= Beginning of Section =

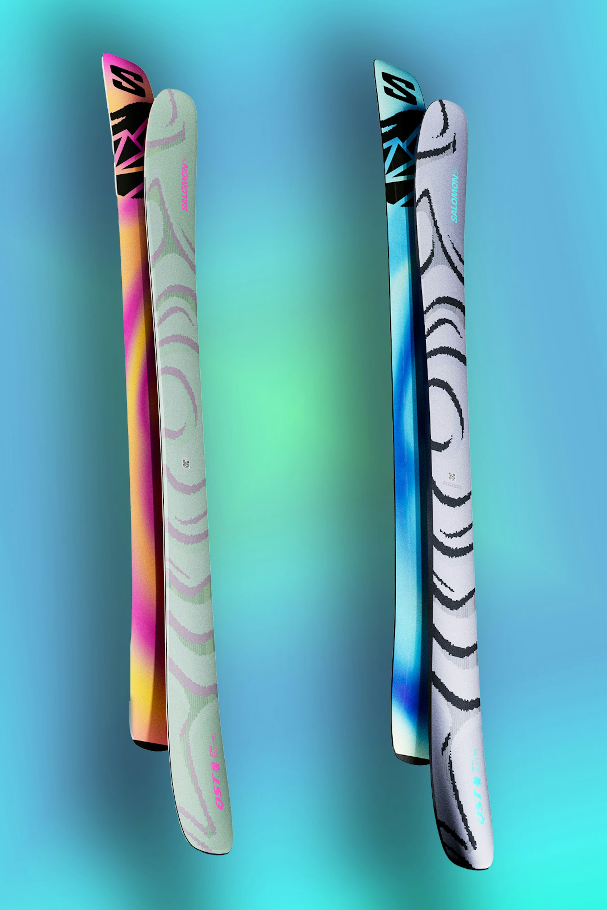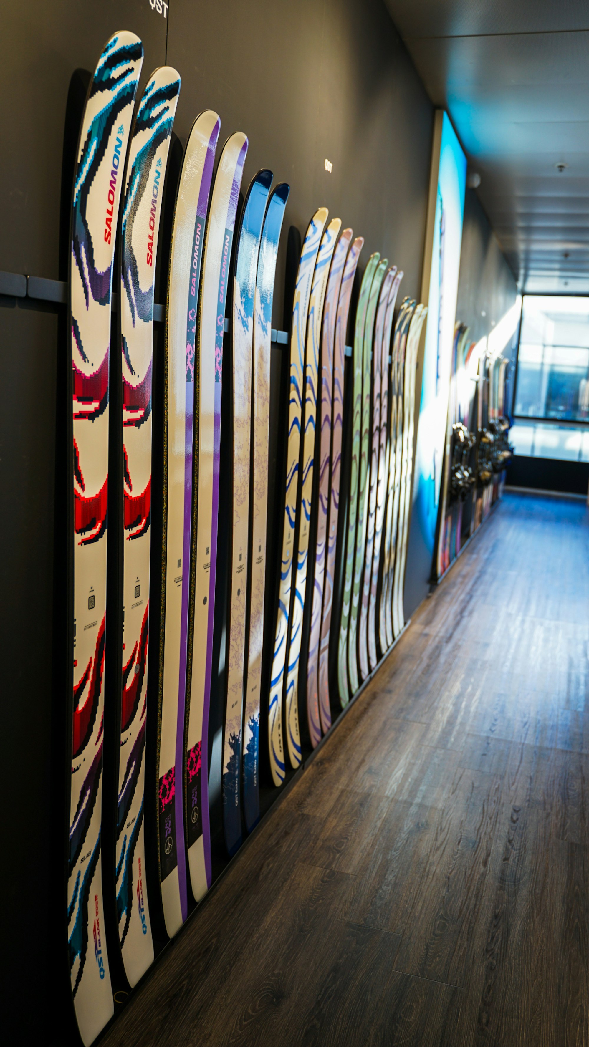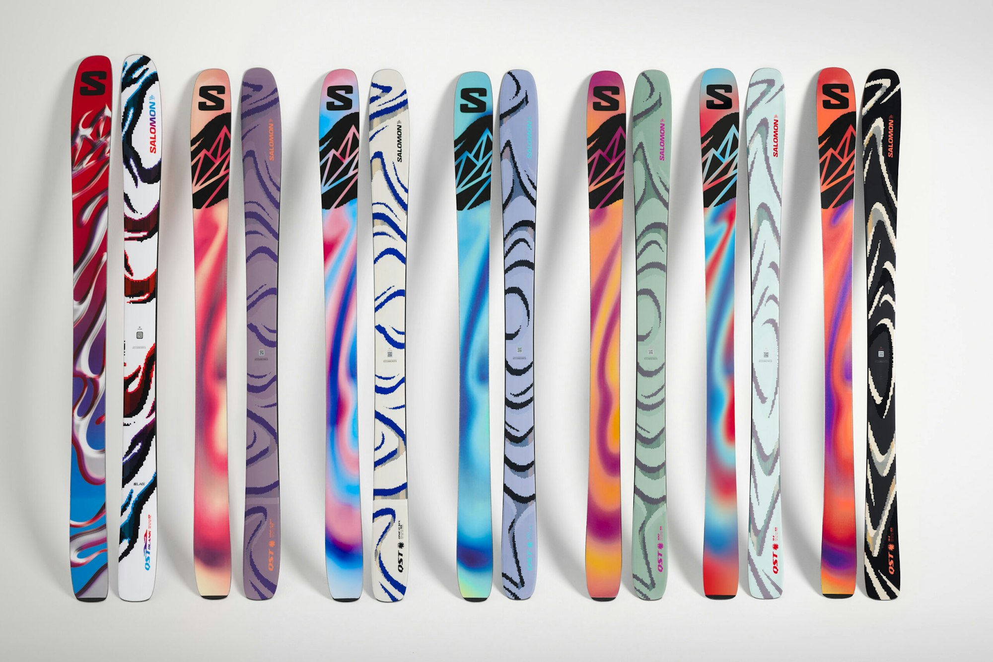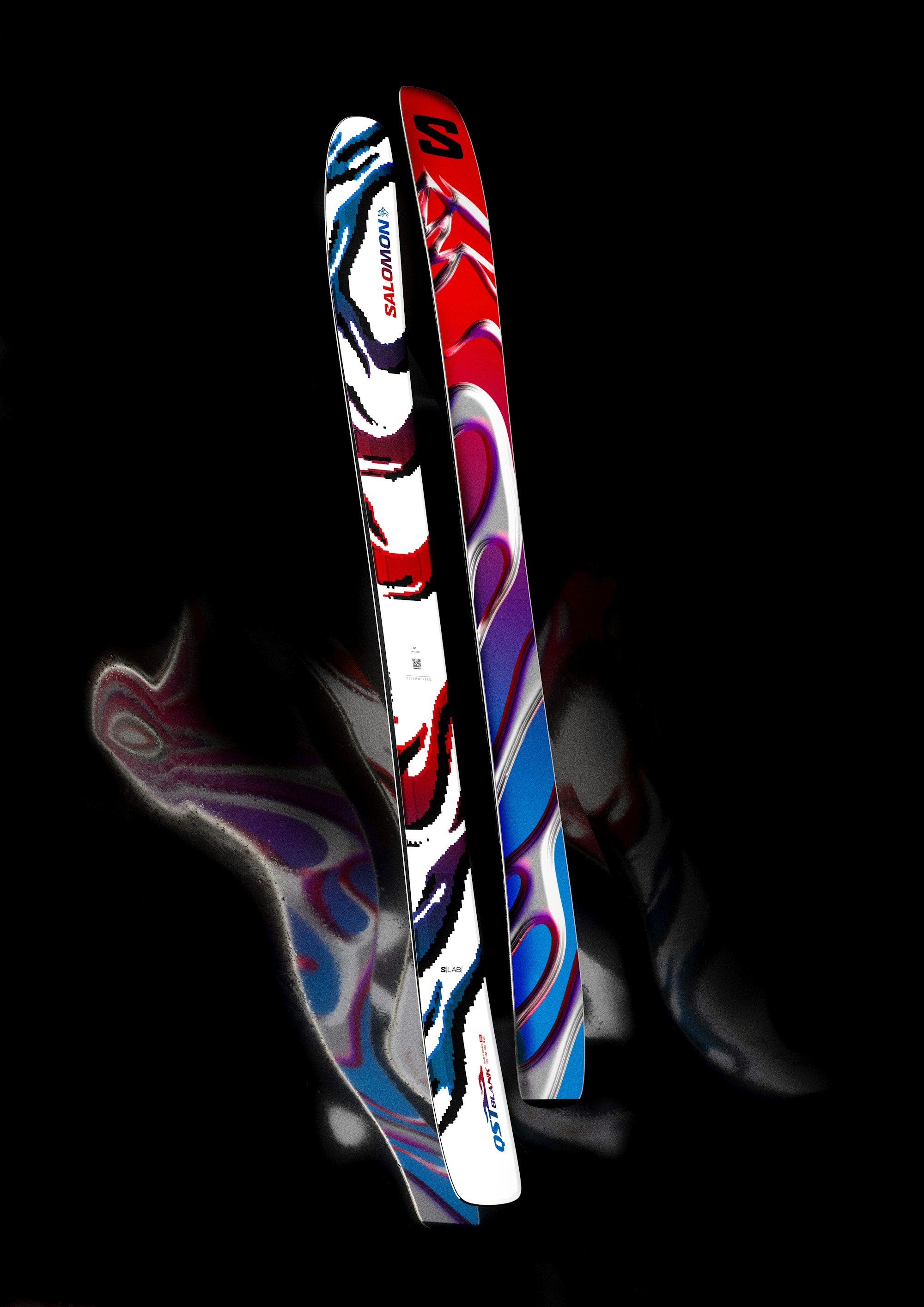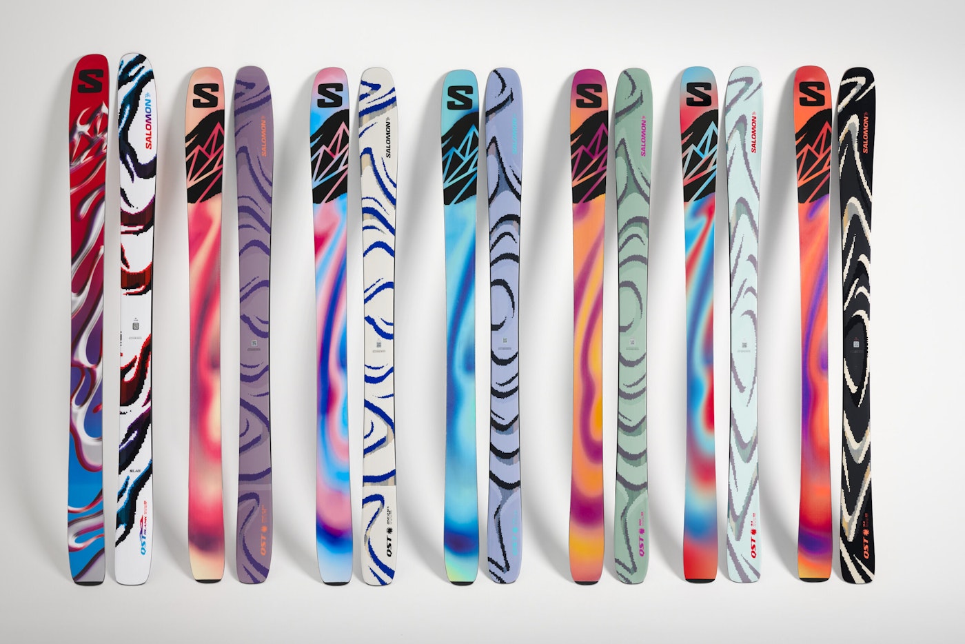 My jaw dropped at the sight of them… Slightly jet-lagged from arriving in Annecy, France, the night before, I was ushered into a meeting room with a large, U-shaped table dominating the space. On the wall to my left sat the 2026 Salomon QST Collection. It was immediately apparent that this was a new direction for Salomon. Each model was adorned with a vibrant topsheet— a clear departure from the QST aesthetic of the past four years. The skis sport a youthful appearance with seven unique graphics in the collection, all featuring pastel colors and pixelated accent lines, providing a dynamic look, akin to ski tracks through powder or the outline of a storm cycle. After handling a few of them, it became quickly apparent that the new builds were completely different from the last generation of QST. The new Blank, QST 100 and QST 94 had the more notable differences from their previous models. The Blank felt stiffer when flexed and featured a larger turn radius, while the QST 100 gained two millimeters of waist width from the QST 98 and featured a more progressive shape. The QST 94 felt stiffer as well and had this squared-off, flatish tail. These updates to Salomon’s flagship freeride line were born in Salomon’s Annecy Design Center, one hour south of Geneva, Switzerland.
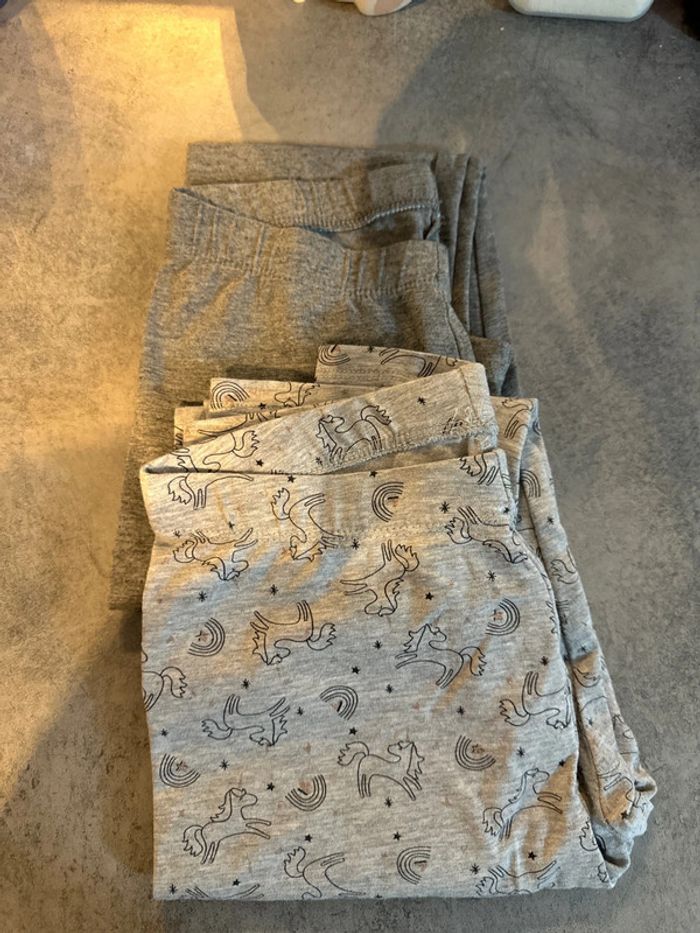Leggings fille 12 ans , Kiabi eco-conception, 1 gris chiné mis légèrement des traces entre jambes (photos) et le licorne neuf
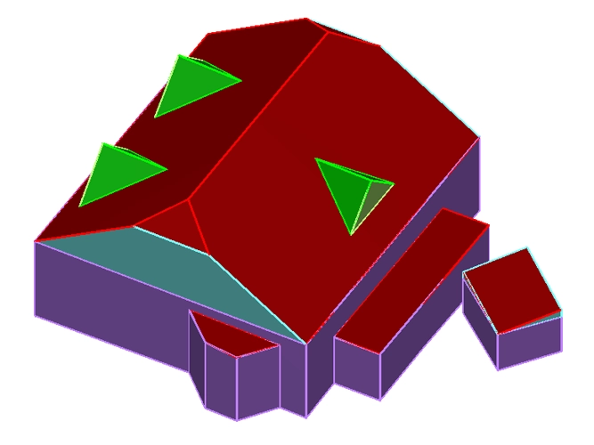 Die Laserscandaten werden automatisch segmentiert und Flächen gefunden, durch Verschneidung der einzelnen Flächen werden Dachmodelle abgeleitet:
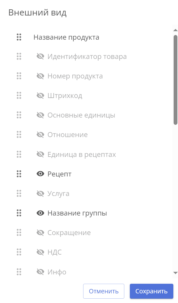 Нажатие на глаз скрывает столбец, порядок можно изменить, перетаскивая 6 точек.
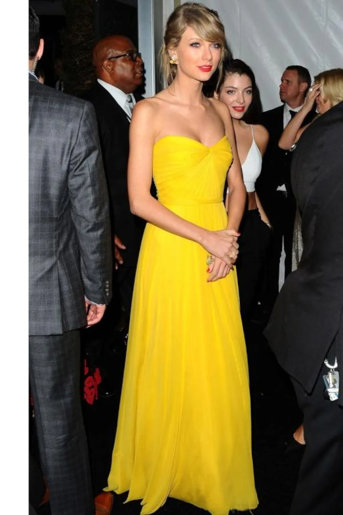 ولكن إن كنتِ تفكرين في فستان بسيط جدًّا، ومنفوش بطريقة هادئة، فمن الممكن أن تستوحي هذا التصميم من Taylor Swift تايلور سويفت، باللون الأصفر الفاقع، ضيق من الخصر، ثم منفوش ومنسدل بطريقة مخملية وناعمة.

= End of Section =

● **Prompt**: Could you write out again, exactly, the lines from the line containing "Die Laserscandaten werden" through the last line of the records above? Leave out the pictures.

● **The answer**:
 Die Laserscandaten werden automatisch segmentiert und Flächen gefunden, durch Verschneidung der einzelnen Flächen werden Dachmodelle abgeleitet:
 Нажатие на глаз скрывает столбец, порядок можно изменить, перетаскивая 6 точек.
 ولكن إن كنتِ تفكرين في فستان بسيط جدًّا، ومنفوش بطريقة هادئة، فمن الممكن أن تستوحي هذا التصميم من Taylor Swift تايلور سويفت، باللون الأصفر الفاقع، ضيق من الخصر، ثم منفوش ومنسدل بطريقة مخملية وناعمة.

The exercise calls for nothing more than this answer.